Prof. Haluk Topaloğlu is one of the leading experts on pediatric neurology, particularly specializing on neuromuscular diseases. Prof. Topaloğlu currently works at Yeditepe University Medical School Department of Pediatrics.
We welcome your participation in Prof. Topaloğlu’s seminar on rare neuromuscular diseases and new therapeutic approaches.
Introducing Prof. Haluk Topaloğlu
Prof. Haluk Topaloğlu graduated from Hacettepe University School of Medicine in Ankara, Turkey in 1978 and completed his specialty in Pediatrics at the same Institute in 1982.
Between 1984 and 1985, he trained in Child Neurology at Alberta Children’s Hospital, University of Calgary, Canada. He completed a fellowship as the Christian Saunders memorial fellow at the Royal Post Graduate Medical School in London, UK in 1994-1995.
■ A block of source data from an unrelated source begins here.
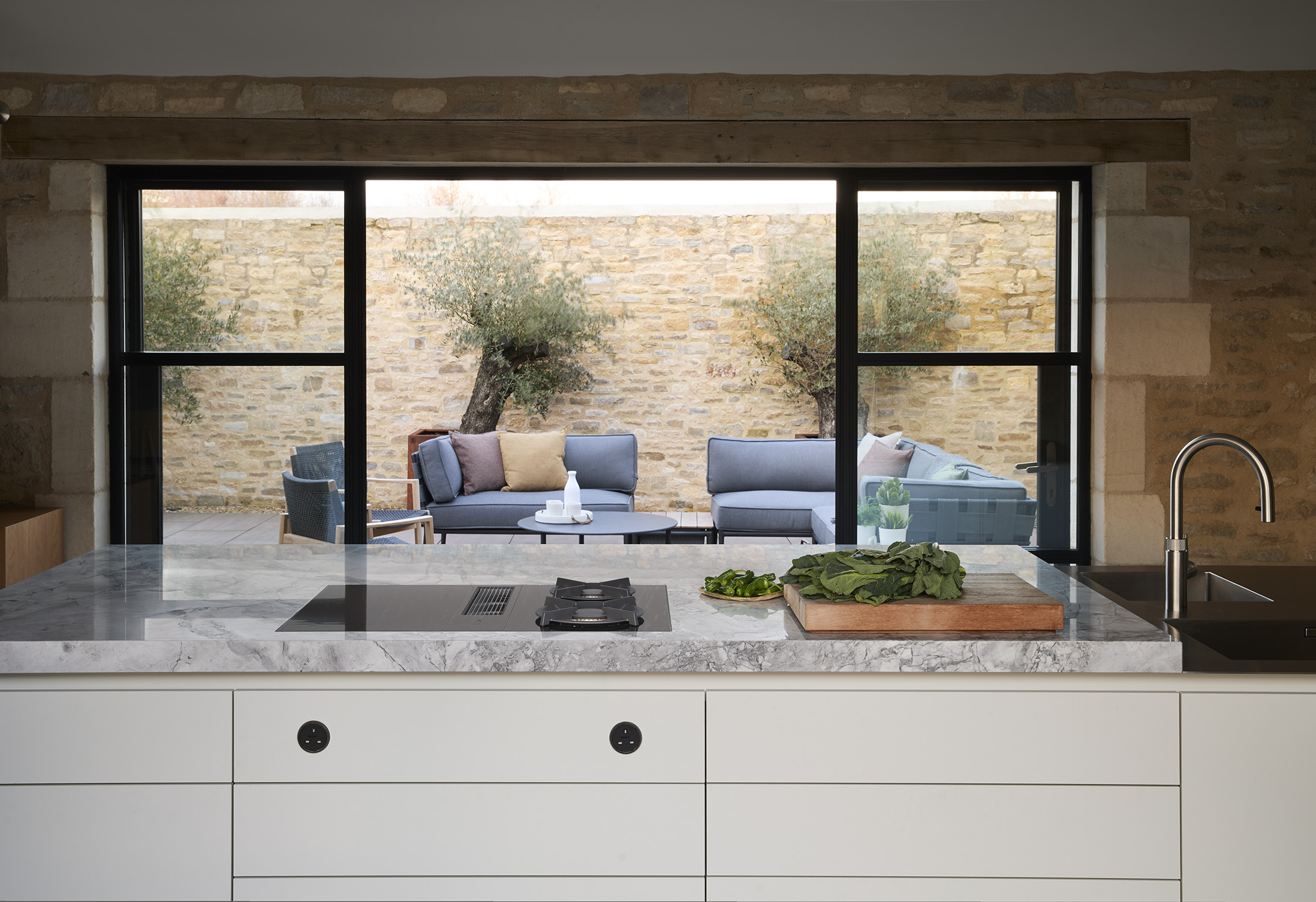 The layout of this sociable island in a narrow space has been designed to maximise garden views from both sides.
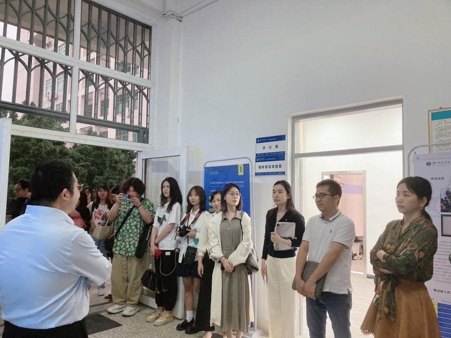随后,我院教师一行参观了韩山师范学院的高清数字演播厅、新闻传播实验室和创客基地,工作人员对实验室的功能和管理进行了详细介绍,使参观的教师对网络与新媒体专业实训的课程内容有了进一步的了解。
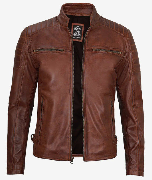 Men's Waxed Cognac Cafe Racer Real Leather Jacket
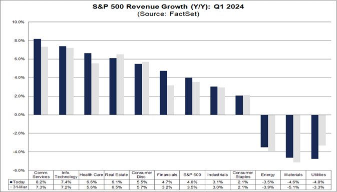 In termini di ricavi, il 60% delle società S&P500 ha riportato ricavi effettivi superiori alle stime, Nel complesso, le aziende segnalano ricavi superiori dell'1,3% alle stime, mentre il tasso di crescita misto dei ricavi (che combina i risultati effettivi per le aziende che hanno segnalato e i risultati stimati per le aziende che devono ancora presentare report) per il primo trimestre è oggi del 4,0%. In questo caso si tratterà del 14° trimestre consecutivo di crescita dei ricavi per l'indice. Otto settori stanno segnalando una crescita dei ricavi anno su anno, guidati dai settori dei servizi di comunicazione e della tecnologia dell’informazione. D’altro canto, tre settori stanno segnalando un calo dei ricavi anno su anno, guidati dai settori Utilità e Materiali.

He is a British Council and ’Association Française contre les Myopathies (AFM)’ scholar. Dr. Topaloğlu has received several national and international awards including the Turkish Scientific and Research Council (TUBİTAK) award in 2003 and the Italian Gaetano Conte prize in 2015 for his lifetime contributions to clinical and basic research in muscle diseases. He is a member of the Turkish Academy of Sciences (TÜBA).
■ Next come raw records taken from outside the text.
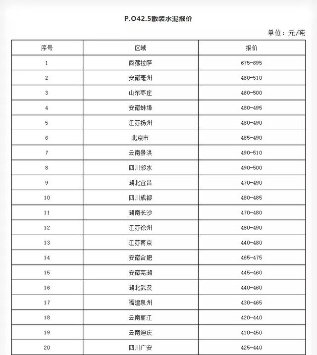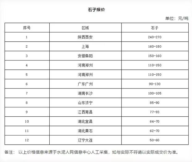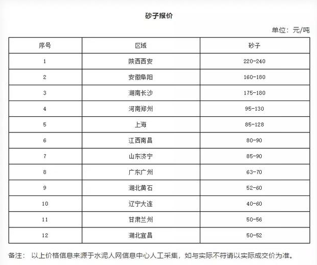 備注:以上價(jià)格信息來源于水泥人網(wǎng)信息中心人工采集,如與實(shí)際不符請以實(shí)際成交價(jià)為準(zhǔn)。
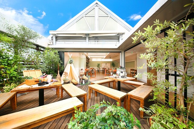 まるで絵本のなかに入り込んだような可愛らしい雰囲気を持つ「アクイーユ」。緑に囲まれた外観は訪れる人をわくわくさせ、店内も木材を基調に優しく落ち着きのある空間となっている。
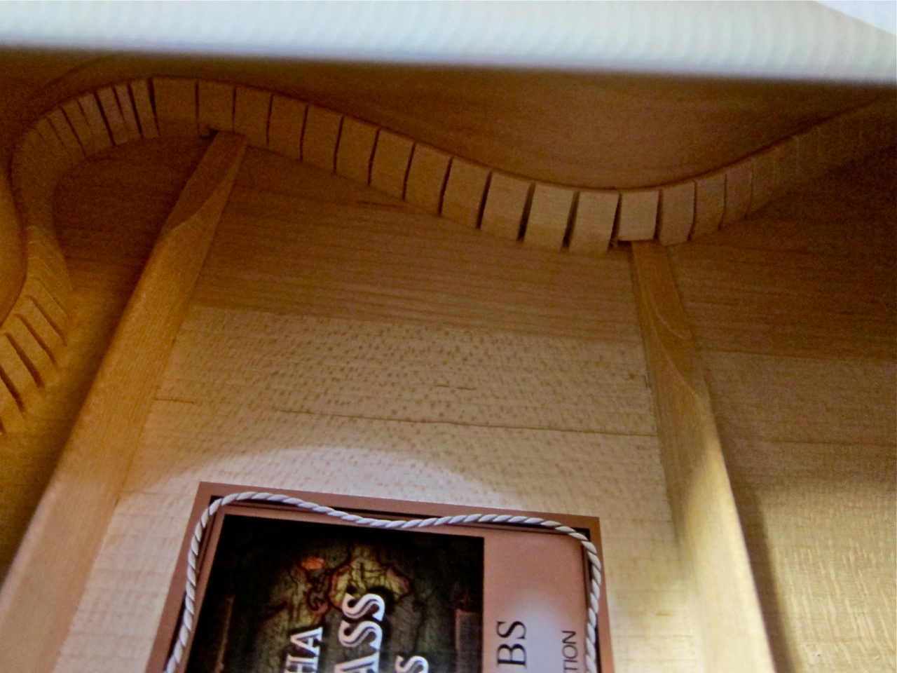 Lisää siistiä työtä löytyy reunalistoituksesta, kaikuaukon rosetista ja läpinäkyvästä plektrasuojasta.
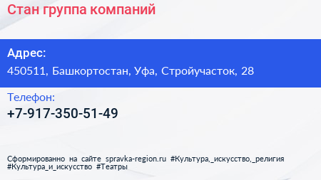 Стан, группа компаний по адресу 450511, Башкортостан, Уфа, Стройучасток, 28 в дальнейшем Организация, размещена в следующих категориях:

He served as the Secretary of the World Muscle Society (WMS) from 2001-2019 and worked on the Executive Boards of the International Child Neurology Society (ICNA), Infantile Seizure Society (ISS), Asian and Oceanian Child Neurology Association (AOCNA), Mediterranean Society of Myology (MSM) and is currently Co-chair of the ICNA Neurology through Art and Time (NTAT) Humanities Committee.
He has aided in the development of novel genetic therapies for Pediatric neuromuscular disorders such as SMA and DMD. Professor Topaloglu’s h-index is over 65. He is on the editorial boards of Neuropediatrics, Journal of Neuromuscular Diseases, Annals of Child Neurology Society and is currently Associate Editor of the Neuromuscular Disorders journal.
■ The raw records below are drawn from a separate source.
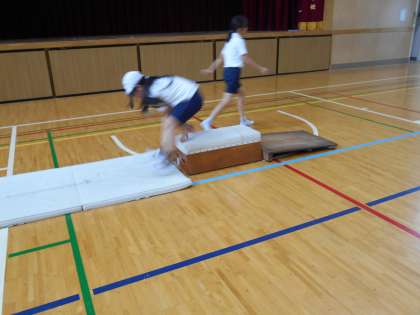 自分のめあてにあった場を選び、開脚跳びの練習をしていました。
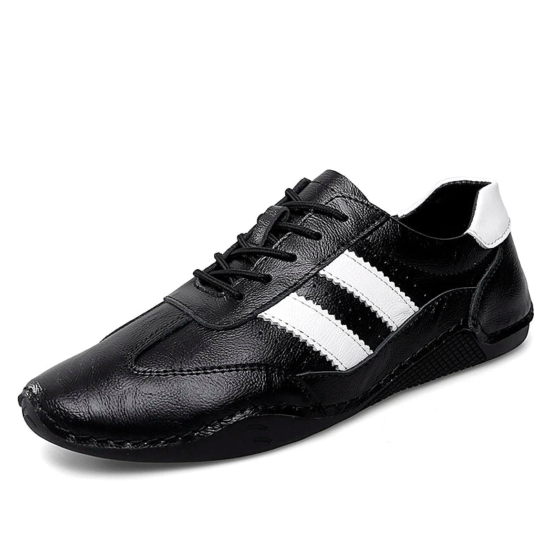 Embrace day-long ease with our flat walking shoes, featuring a timeless design with bold black accents. They’re made with genuine leather exterior, resilient rubber soles, and a soft, padded insole for comfort. Introduce these sneakers to your collection and they're sure to become your preferred choice for both style and comfort.
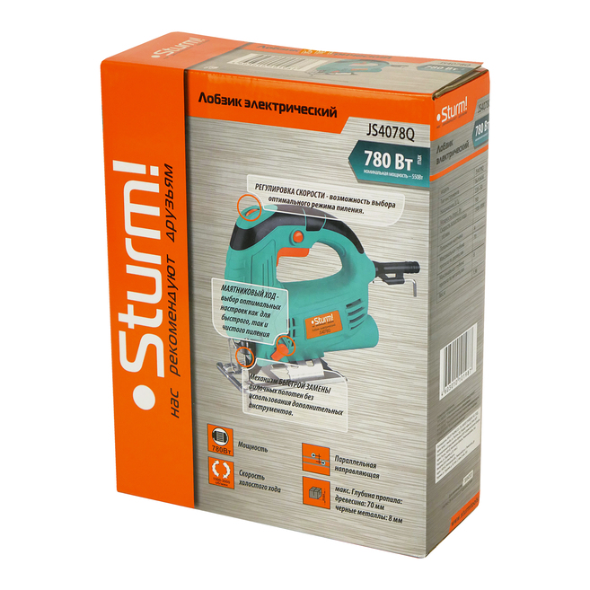 Sturm JS4078Q – компактный и практичный электрический лобзик. Инструмент характеризуется небольшими массогабаритными показателями и выверенной эргономикой – модель надежна в хвате и отлично контролируется даже одной рукой. Лобзик оснащен 780 Вт электромотором и надежной механической частью – позволяет выполнять пропилы до 70 мм в древесине и до 8 мм в металле.
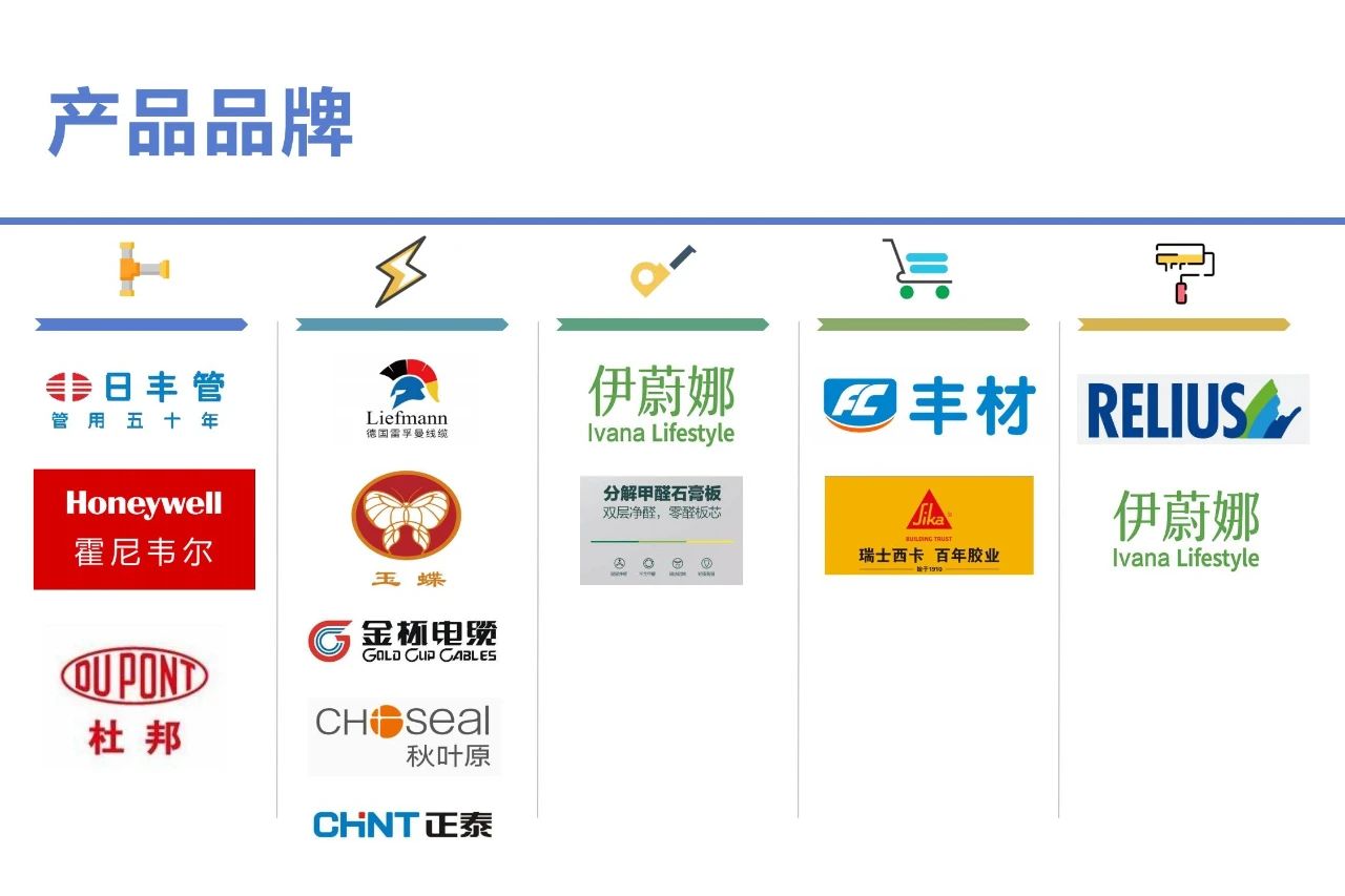 光斗辅材库旗下产品有日丰、杜邦、玉蝶、金杯、伊蔚娜等十余个品牌,品类涵盖了水电、板材、粉料、漆。目前,公司与贵阳51家装企、工作室、工长建立了长期稳定的合作关系,在行业内也树立了良好的口碑。

He currently a faculty member in the Dept. of Pediatrics and Child Neurology at Yeditepe University in Istanbul.
Seminar abstract
Molecular treatments of Duchenne muscular dystrophy (DMD) are approaching. Reading through the stop codon was the first molecular approach. These were followed by efforts towards gene therapy and exon skipping. I have particular interest in exon skipping, an approach which has more than 15 years of background. There are several promising clinical trials based on earlier work. The overall aim is to be able to lead production of enough dystrophin protein to change the rate of progression and create a shift. Some of these molecules already have at least conditional approval by health authorities, however we still need new accumulating data.